Керим снова потер пальцем мое клеймо — а я уже не дернулся, пусть делает, как знает, ему виднее — и сказал, раздумчиво так:
— Как может быть, чтобы несерьезно, Одуванчик? Я же не злодей какой-нибудь, чтобы шутить с твоей надеждой, так что все это серьезно.
И меня осенило: это же правда! Крылья! Мои крылья! Он мне крылья вернет! Нугирэк, неверный, шаманство, чернокнижие — все равно, какая разница!
Я не то, что взял прах от ног, я просто ткнулся головой в пол — и обнял его ноги, по-настоящему, не ритуально. И понес какой-то бред,
Керим меня силой заставил подняться, все цокал и чмокал, был недоволен, что я так себя веду. Бормотал укоризненно, что раб ему не нужен — на что ему крылатый раб, а вещь — так вообще нельзя о себе говорить, у вещей не бывает души. Вот если я стану ему другом — ему и хватит, а служить я должен Ветру, и он, Керим, тоже служит Ветру, а еще у меня есть госпожа, так что ей — тоже, а ему довольно и дружбы…
От волнения я никак не мог ему объяснить, насколько это для меня важно, но Керим, кажется, и так понимал. А прервал меня этот парень с рассеченной бровью, Филин, кажется — всунулся в дверь, крикнул, что меня зовет госпожа.
Я посмотрел на Керима; наверное, это несколько по-собачьи вышло. Он ухмыльнулся и закивал: "Иди- иди", — тут у меня столбняк прошел, и я побежал на темную сторону.
У меня еще не было крыльев, но они меня уже несли. Почему-то казалось, что крылья меня приподнимут до Яблони, сделают хоть чуточку ближе — и я весь горел от этого.

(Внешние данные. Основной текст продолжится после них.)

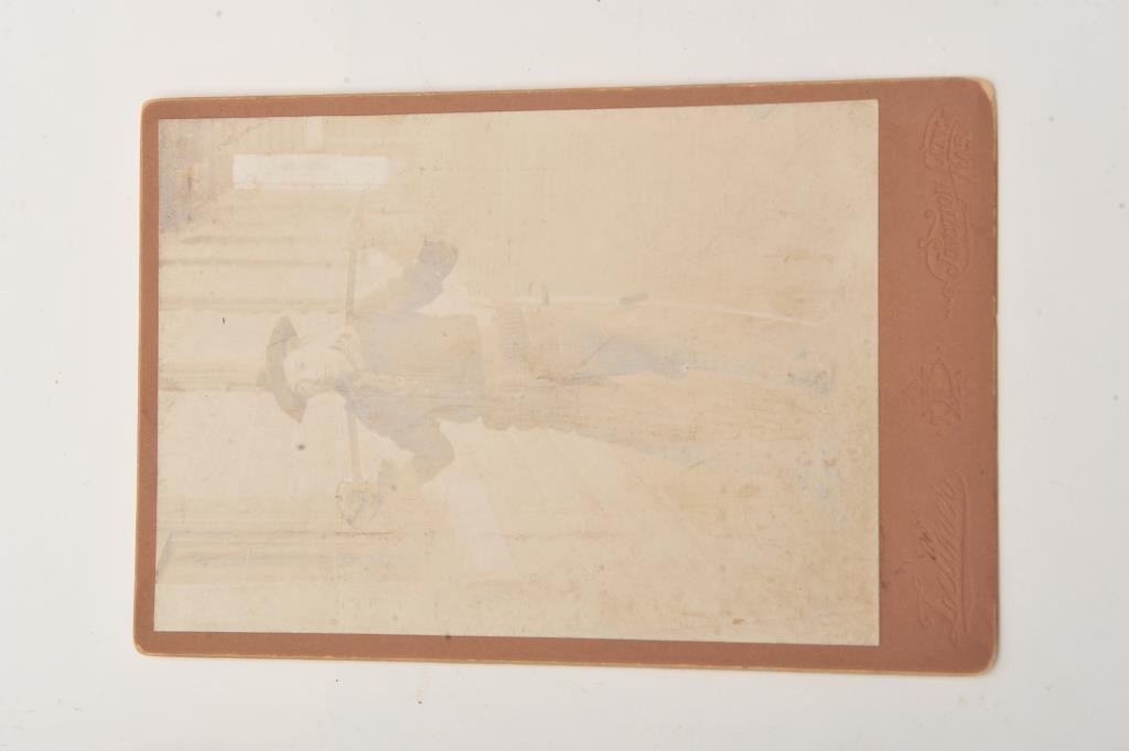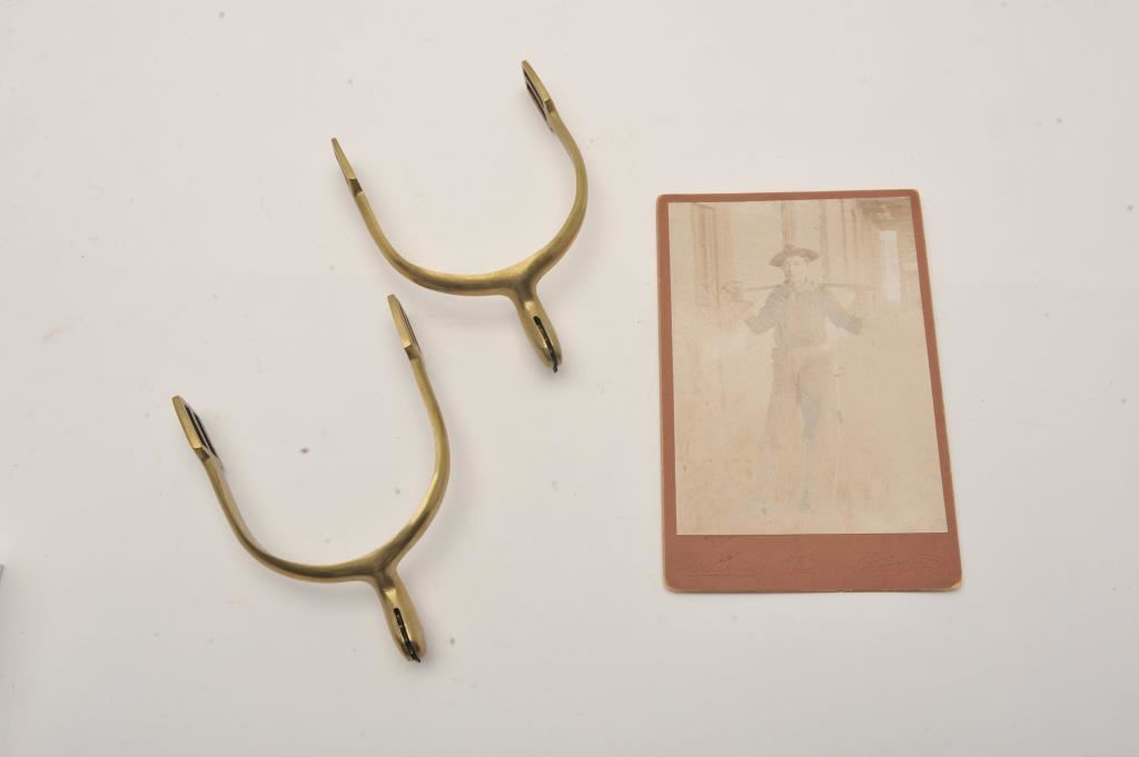 Cabinet photo of Fort Riley Cavalry soldier in protective sleeve plus a pair of 1865 R.I.A.-marked brass spurs. Est.: $150-$300.

Раадрашь ходила по моей комнате широкими шагами, из угла в угол; присела на подоконник, вскочила и снова принялась ходить. Она показалась мне очень взвинченной, злой и как-то беззащитно несчастной, как маленькая капризная девочка, которой вдруг отказали в требовании. Я думала, что ей хочется то ли кричать и топать ногами, то ли разрыдаться, в голос, с воплями — то ли уйти к себе и хлопнуть дверью от неуверенности в слезах и криках, как в действенном средстве. От этого принцесса будила во мне не ответную злость, а жалость.
— Я ненавижу кастратов! — сказала Раадрашь наконец. — Ненавижу, поняла?! Я говорила об этом отцу и мужу — теперь говорю тебе! Один раз — и больше не стану повторять!
Даже когда она не повышала голос, ее фразы звучали, как окрики.
Дверь приоткрылась и вошла Далхаэшь, согнувшись, как рабыня. Она принесла поднос с чашками кавойе и творожными шариками, поставила его на поставец, согнулась еще ниже — и взглянула на меня со жгучим любопытством.
— Уходи, — приказала ей Раадрашь.
Далхаэшь вышла с очевидной неохотой. Принцесса остановилась среди комнаты, покусывая губы, с выражением непримиримости и раздражения на лице, постояла так с полминуты — и вдруг, одним стремительным прыжком рванулась к двери и резко ее распахнула.
Далхаэшь полетела на пол. Я подумала, что удар такой силы мог бы сбить с ног и мужчину.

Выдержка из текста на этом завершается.